[WHAT YOU WILL DO]: Pictures excluded, output the lines of the data below between the one holding "Jules Birch decries" and the one holding "This cute hand", inclusive, exactly as they stand.

[RAW DATA]:

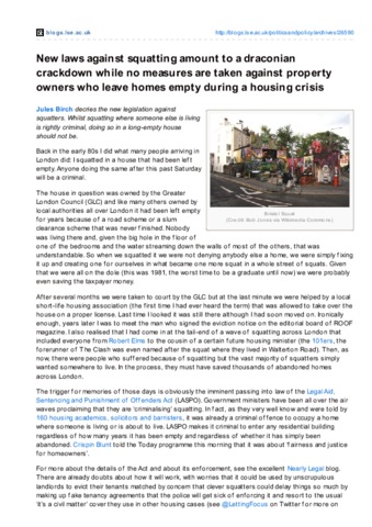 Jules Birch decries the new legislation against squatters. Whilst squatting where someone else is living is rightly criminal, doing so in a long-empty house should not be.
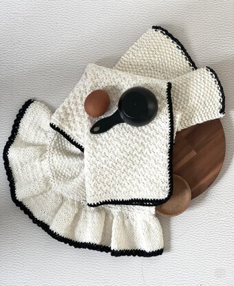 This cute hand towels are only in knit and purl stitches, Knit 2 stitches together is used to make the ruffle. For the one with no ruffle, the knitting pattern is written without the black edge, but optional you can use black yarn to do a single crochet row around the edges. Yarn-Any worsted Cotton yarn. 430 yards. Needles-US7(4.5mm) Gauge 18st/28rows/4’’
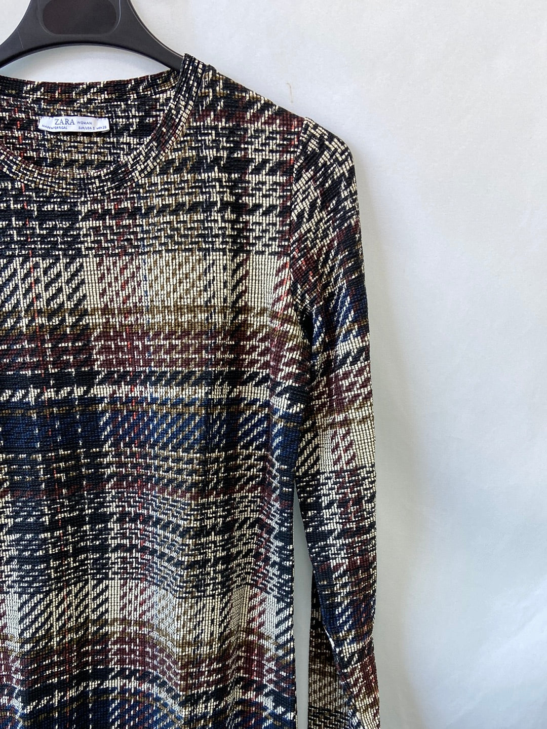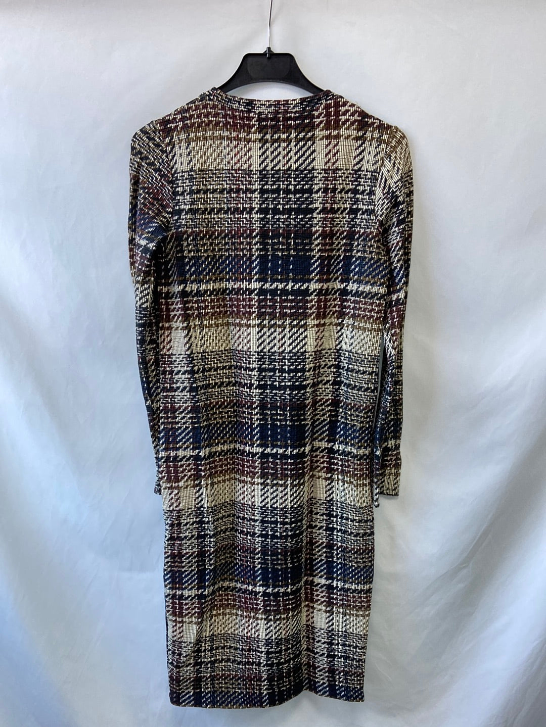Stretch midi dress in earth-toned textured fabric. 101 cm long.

...

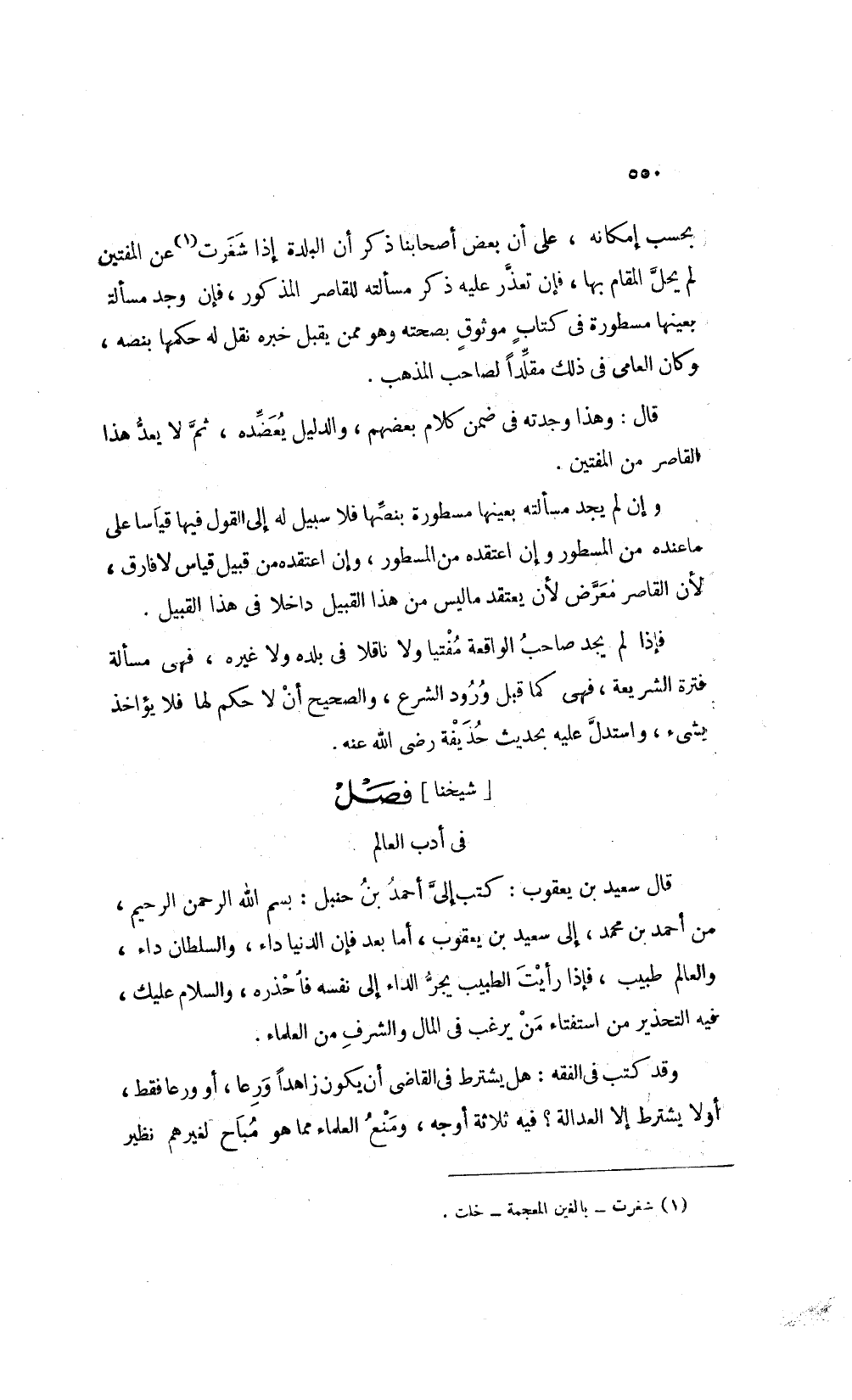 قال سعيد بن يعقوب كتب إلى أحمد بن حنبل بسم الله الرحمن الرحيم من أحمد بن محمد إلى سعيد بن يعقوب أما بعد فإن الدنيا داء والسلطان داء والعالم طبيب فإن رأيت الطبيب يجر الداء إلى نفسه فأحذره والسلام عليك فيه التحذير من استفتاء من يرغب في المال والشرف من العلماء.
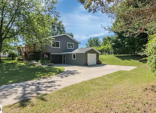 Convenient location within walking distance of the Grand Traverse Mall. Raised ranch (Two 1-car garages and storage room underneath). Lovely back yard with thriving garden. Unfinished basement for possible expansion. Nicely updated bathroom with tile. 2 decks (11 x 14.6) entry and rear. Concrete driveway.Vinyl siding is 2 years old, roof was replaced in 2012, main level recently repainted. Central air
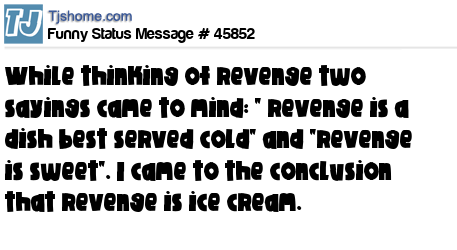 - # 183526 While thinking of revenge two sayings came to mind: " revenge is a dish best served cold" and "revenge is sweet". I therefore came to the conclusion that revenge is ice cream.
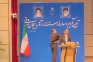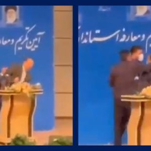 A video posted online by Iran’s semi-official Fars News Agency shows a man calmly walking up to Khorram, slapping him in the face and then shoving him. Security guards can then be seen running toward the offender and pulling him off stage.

[EXERCISE RESPONSE]:
 Jules Birch decries the new legislation against squatters. Whilst squatting where someone else is living is rightly criminal, doing so in a long-empty house should not be.
 This cute hand towels are only in knit and purl stitches, Knit 2 stitches together is used to make the ruffle. For the one with no ruffle, the knitting pattern is written without the black edge, but optional you can use black yarn to do a single crochet row around the edges. Yarn-Any worsted Cotton yarn. 430 yards. Needles-US7(4.5mm) Gauge 18st/28rows/4’’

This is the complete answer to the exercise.